My second point is that the 1st Amendment is not a muzzle to stifle religious people from efforts to implement ethical principles and social values through legislation. Frequently when a religious denomination or organization such as our UUA or our UUSC takes a stand on social issues, the question will be raised: religious organizations are tax free, by what right are they meddling in the affairs of government.

Yes, religious organizations are free from taxation. The basis for this, to my mind, is that the power to tax is the power to destroy. One can conceive how a religious organization taking an unpopular stand could be punished and ruined, financially, by being hit with crushing taxation. But this tax-free status does not and should not interfere with sounding a prophetic voice when convinced that something is wrong.
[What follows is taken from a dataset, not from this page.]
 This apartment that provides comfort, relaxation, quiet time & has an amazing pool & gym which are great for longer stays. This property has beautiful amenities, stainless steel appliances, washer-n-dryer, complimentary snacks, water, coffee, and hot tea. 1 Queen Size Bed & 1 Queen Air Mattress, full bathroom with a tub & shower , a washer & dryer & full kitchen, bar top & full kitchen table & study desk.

For example, consider this item from Thursday’s (2/18) LEDGER: [Newspaper clipping from AP: CLERGY CALLS FOR END TO AID TO EL SALVADOR; “Accusing the Reagan Administration of ‘uncritical association with government-sponsored murder and repression in El Salvador,’ a broad coalition of religious leaders and educators called Wednesday for an end to U.S. military aid to that nation. ...”

That diverse gathering of religious leaders trusted with guiding their denominations or organizations would not have common ground in theology, the source of authority in religion, biblical interpretation, or agree on what sacraments and rituals are. Their common ground is that which is the ethical core of all major religions – to do unto others as one would be done by. It so happens that I am pleased and encouraged that our UUA President, Gene Pickett, is one of the signers. Even if I did not agree, I would support his right and obligation to speak out on this issue. But I do agree and know that many of you do, and have let my Senators and Representative know that, as have many of you. The uniting motive was stated by the Hebrew prophet of old, “let justice prevail in the gates.”
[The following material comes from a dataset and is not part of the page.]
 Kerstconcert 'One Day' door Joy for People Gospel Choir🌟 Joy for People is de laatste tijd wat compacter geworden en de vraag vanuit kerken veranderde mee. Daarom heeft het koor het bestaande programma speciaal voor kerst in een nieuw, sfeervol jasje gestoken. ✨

The unifying motive is an answer to the question, “Who is my neighbor?” Well, the world is our neighborhood and all persons in it, our neighbors, including, particularly now the suffering persons in El Salvador.

I would summarize what I have said in two sentences:

Religious power must be restrained in any and all attempts to establish any organized religion with government support or approval.

Religious power must be unleashed in the never-ending pursuit of social justice.